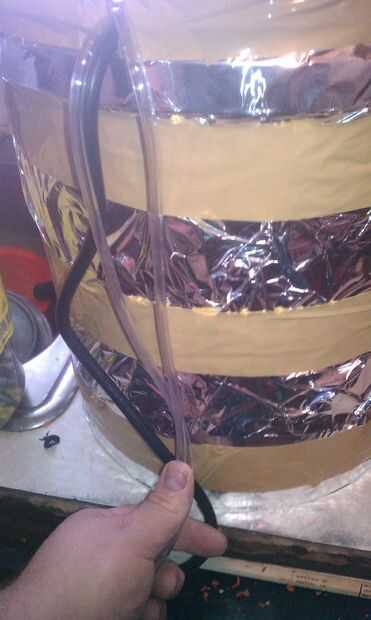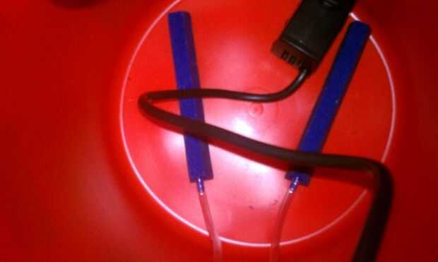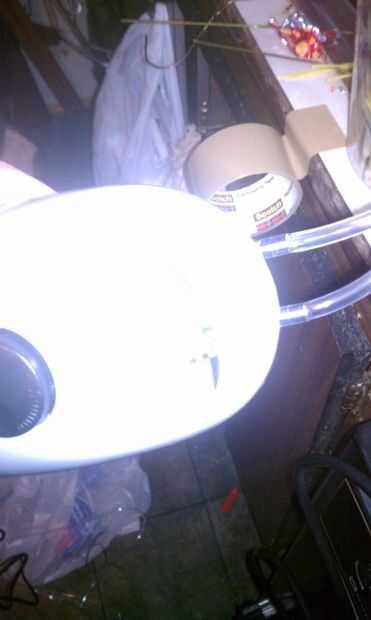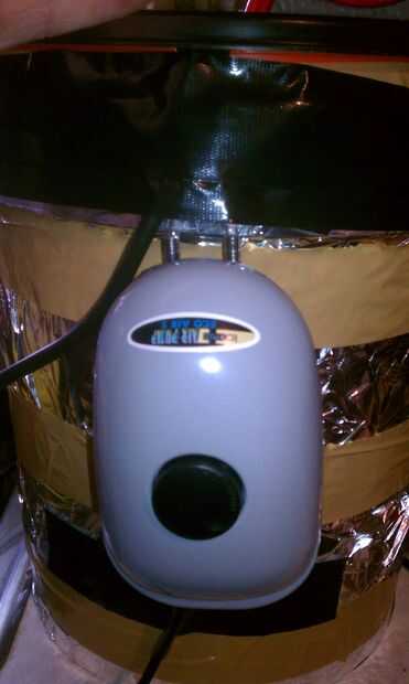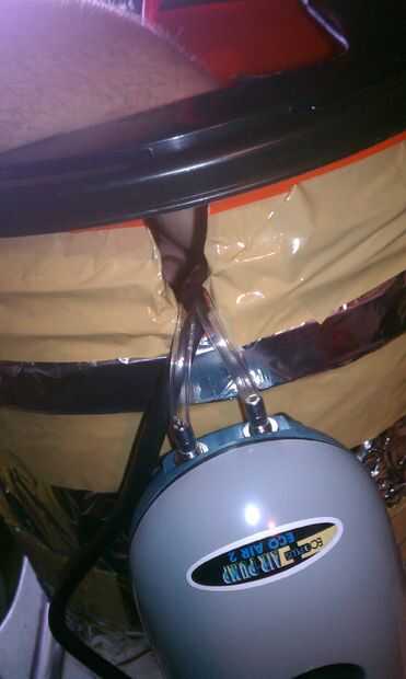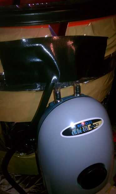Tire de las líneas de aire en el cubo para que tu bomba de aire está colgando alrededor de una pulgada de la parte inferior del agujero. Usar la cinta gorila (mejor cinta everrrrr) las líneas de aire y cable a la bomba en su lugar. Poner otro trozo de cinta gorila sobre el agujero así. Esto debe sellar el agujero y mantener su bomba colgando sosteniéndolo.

···

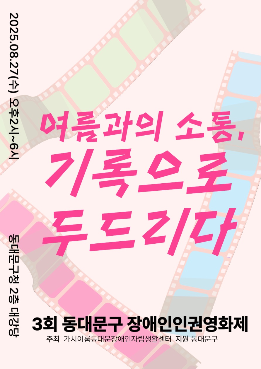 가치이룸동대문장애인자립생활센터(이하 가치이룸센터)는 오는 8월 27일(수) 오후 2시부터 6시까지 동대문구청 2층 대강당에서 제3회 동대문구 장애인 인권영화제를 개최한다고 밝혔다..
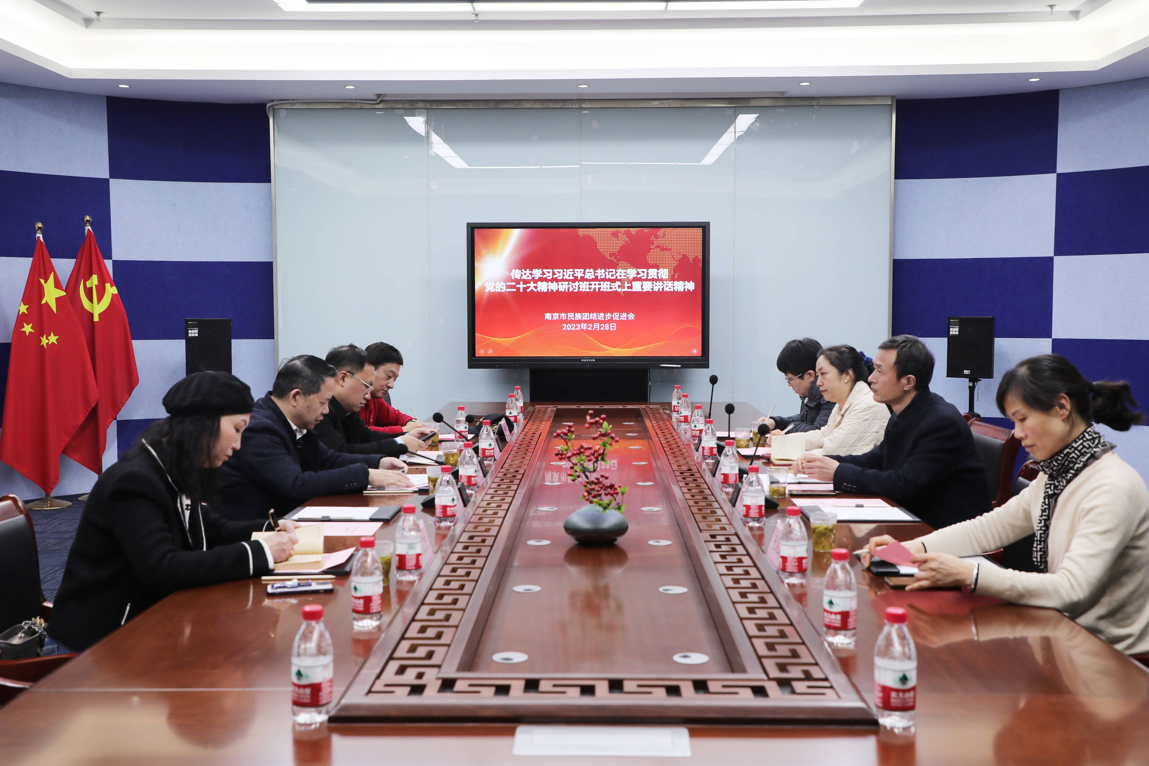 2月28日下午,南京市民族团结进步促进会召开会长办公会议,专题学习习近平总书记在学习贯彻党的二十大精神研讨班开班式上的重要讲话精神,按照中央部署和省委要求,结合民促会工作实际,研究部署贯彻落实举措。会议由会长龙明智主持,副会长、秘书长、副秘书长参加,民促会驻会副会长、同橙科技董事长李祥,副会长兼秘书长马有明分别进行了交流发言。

···

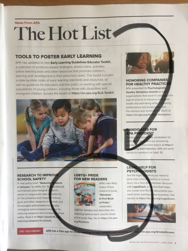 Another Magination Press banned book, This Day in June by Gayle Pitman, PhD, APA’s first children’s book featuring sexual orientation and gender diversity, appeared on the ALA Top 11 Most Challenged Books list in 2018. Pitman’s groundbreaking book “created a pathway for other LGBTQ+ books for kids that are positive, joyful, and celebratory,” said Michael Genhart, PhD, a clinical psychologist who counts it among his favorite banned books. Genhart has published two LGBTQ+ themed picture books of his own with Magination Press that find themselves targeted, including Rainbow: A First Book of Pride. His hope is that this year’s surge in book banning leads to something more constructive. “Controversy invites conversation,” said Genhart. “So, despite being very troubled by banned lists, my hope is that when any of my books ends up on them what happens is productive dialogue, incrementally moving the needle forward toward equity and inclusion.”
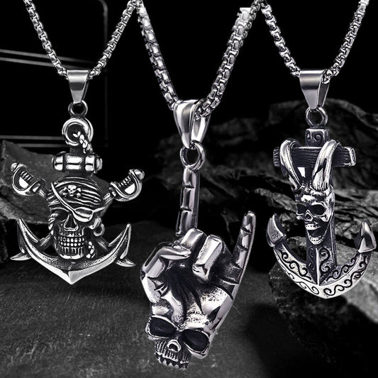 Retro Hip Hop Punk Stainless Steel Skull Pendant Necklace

···

## Task to complete
A word-for-word reproduction is needed of the lines above from the line containing "가치이룸동대문장애인자립생활센터(이하 가치이룸센터)는 오는" through the line containing "2月28日下午,南京市民族团", with both ends kept and no pictures.

## Answer to the exercise
 가치이룸동대문장애인자립생활센터(이하 가치이룸센터)는 오는 8월 27일(수) 오후 2시부터 6시까지 동대문구청 2층 대강당에서 제3회 동대문구 장애인 인권영화제를 개최한다고 밝혔다..
 2月28日下午,南京市民族团结进步促进会召开会长办公会议,专题学习习近平总书记在学习贯彻党的二十大精神研讨班开班式上的重要讲话精神,按照中央部署和省委要求,结合民促会工作实际,研究部署贯彻落实举措。会议由会长龙明智主持,副会长、秘书长、副秘书长参加,民促会驻会副会长、同橙科技董事长李祥,副会长兼秘书长马有明分别进行了交流发言。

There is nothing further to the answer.